What are you training for?


noun: training

1. the action of teaching a person or animal a particular skill or type of behavior.
2. the action of undertaking a course of exercise and diet in preparation for a sporting event.

I am a member of several groups that actively engage in the martial arts. The various arts are of Asian and European origin but are all decidedly American in attendance.  The American cultural attitudes and expectations are all present and accounted for.  In many cases the lust for quick results and desire to purchase a quick fix often taint the students perception of the art.  A focus on the martial aspects of any martial art is a common occurrence for both teacher and student.  A student preparing for a tournament, testing, upcoming fight or other event is surely training.  A student who is still mastering the basics of an art form  is certainly training the body.  The question arises then, why continually train and for what?

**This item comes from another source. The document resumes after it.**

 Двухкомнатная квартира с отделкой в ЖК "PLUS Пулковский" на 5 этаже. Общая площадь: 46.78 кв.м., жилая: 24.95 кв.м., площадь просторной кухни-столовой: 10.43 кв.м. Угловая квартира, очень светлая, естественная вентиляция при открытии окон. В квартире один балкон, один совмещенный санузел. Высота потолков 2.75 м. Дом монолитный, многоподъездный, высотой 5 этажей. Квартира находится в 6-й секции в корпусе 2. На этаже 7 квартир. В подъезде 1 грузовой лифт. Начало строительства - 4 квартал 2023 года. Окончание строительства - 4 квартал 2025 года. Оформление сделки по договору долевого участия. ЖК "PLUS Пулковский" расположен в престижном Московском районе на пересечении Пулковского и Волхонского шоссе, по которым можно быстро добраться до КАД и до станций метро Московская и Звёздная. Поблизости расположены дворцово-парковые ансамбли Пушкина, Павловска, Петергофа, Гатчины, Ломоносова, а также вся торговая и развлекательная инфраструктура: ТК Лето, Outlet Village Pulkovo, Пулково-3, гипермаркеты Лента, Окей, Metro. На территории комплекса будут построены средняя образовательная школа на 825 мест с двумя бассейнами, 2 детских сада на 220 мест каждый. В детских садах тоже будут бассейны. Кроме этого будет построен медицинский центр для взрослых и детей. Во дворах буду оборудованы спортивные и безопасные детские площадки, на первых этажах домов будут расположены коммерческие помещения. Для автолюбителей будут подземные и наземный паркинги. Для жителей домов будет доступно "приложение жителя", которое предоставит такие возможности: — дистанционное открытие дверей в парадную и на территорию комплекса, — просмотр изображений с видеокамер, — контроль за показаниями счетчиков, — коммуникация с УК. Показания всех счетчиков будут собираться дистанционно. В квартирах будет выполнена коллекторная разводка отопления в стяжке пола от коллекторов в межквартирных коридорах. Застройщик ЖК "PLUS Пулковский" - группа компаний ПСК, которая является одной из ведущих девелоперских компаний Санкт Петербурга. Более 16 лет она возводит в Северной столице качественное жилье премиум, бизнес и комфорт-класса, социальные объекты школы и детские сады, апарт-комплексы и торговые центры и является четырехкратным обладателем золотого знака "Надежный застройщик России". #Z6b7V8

It is important to be impeccable with ones speech as much as possible.  You see, I am the student that once became focused on the goal.  A goal, any goal implies an ending.  The very use of the word training implied that I was training for something.  Whatever am I training for?  There are always tests, tournaments, seminars, and of course the odd brawl among my martial arts brothers that I am always ready for.  So again I ask, what am I really training for?  I’ve devoted a substantial amount of time, treasure, and energy into the martial arts and learning all I could about my chosen path among them.  What do I gain?  What have I achieved with all my training?    I gained all those things that are advertised about the martial arts; fitness, discipline, confidence, skill.  I gained all of that, years before and in many different aspects of my life.  I didn’t need the martial arts to gain these attributes.  Of course the training in the arts reinforced these traits but I didn’t need the martial arts for this.  Maybe I wasn’t training for anything.

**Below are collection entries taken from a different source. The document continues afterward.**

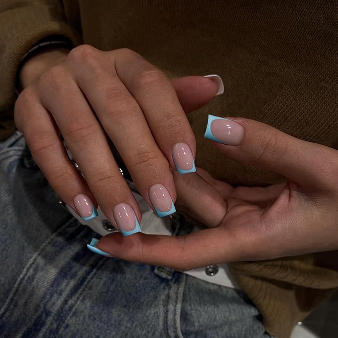 - How Natural They Are: These sky blue French press on nails square nails designs look very natural,with a perfect that fits your nail bed,and a nude pink base color that gives the appearance of real nails.French tip press ons nails Red can create your own fingertip art and make your nails your fashion statement!With short press on nails French tip,you can achieve a natural, elegant look without the salon visit
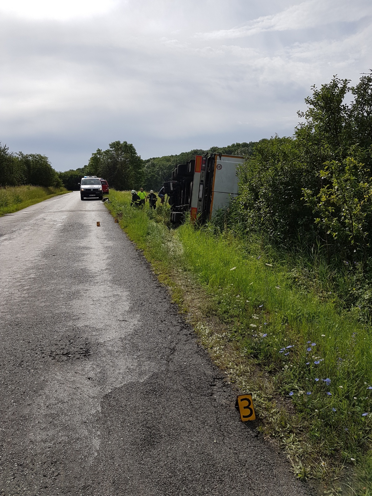 V pondělí 24. července dvě minuty po deváté hodině byla na Krajské operační a informační středisko HZS Středočeského kraje ohlášena dopravní nehoda nákladního vozidla mezi obcemi Domousnice a Veselice.
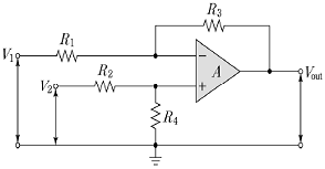 <보기>에서 “A”로 표시된 부분을 이상적인 OP-AMP라고 할 때, 회로의 각 저항들이 R1=R2, R3=R4의 조건을 만족할 경우 입력 전압 V1, V2와 출력 전압 Vout의 관계식으로 가장 옳은 것은?

It came to me one day when I was leaving for the dojo.  Everything ached that day from a rough night with my kung fu brothers.  I was not looking forward to Iaido and a sticky, hot summer dojo.  My best friend sent me a text as I walked out of the house telling me that she hoped I would have fun at training.  Fun was the last thing I thought would happen but at the same time I realized that not only was I certainly not going to have fun but that I wasn’t actually training.  Some where along my path I had failed to notice a change in my goals and motivations.  I wasn’t doing this for fun and I certainly wasn’t training for any goal.  The only goal was to continue exploring this amazing world where violence and pure communication come together.  I want to make art and this is not something I can train for.  I can train all the skills to death and become an amazing technician of martial skills but I won’t be an artist until I let go of any kind of goal driven motivation.  To strive for only the benefits granted by a dedicated pursuit of the martial arts isn’t enough.  I am striving for something more but also something far less.  I’m not looking for belts, titles, a legacy or fighting skill.  I don’t want to teach these things or achieve recognition.  I am not training for anything.  I am making art.  I am offering up a story for anyone willing to come see.  My sword is not a weapon.  Its a tool and I’m going to use it to cut the story of my life out of the fabric of reality.

I am not training any more.  I have moved past the desire to obtain anything from my art.  I am maintaining a practice of personal growth and cultivation.  A practice that leaves the dojo with me every day.  It permeates and influences all of my thoughts and actions.  I have a practice that includes and is centered in the martial arts but touches every aspect of my life.  Regardless of my location or status, my dojo is with me every day at all times.  My practice lives in me.  My vision of what that will come to envisage is as blurry as can be and I like it that way.  I can’t tell you how this path will end, or even remember how or when it began for me but I can tell you that today, I am not training.  I am going to practice.


The Art in the Way

Art, can be defined as the creative expression of thought and emotion through intimate knowledge of one’s perception of the self. It is the truest form of communication. To create art, one must know their medium so intimately as to be able to express the nature of your soul through the act of artistic manipulation of your raw materials. The nature of the medium must be understood to be no different from that of the artist. Communication through a medium takes place when the illusion of separation is set aside. To be a Martial artist, martialist, or martial athlete  is nearly the same thing. However, the act is as important as the effect for the artist. For the martial artist, continuation of the practice is the goal.  This may lead some to believe that artistic skill cannot be effective when confronted by technical skill.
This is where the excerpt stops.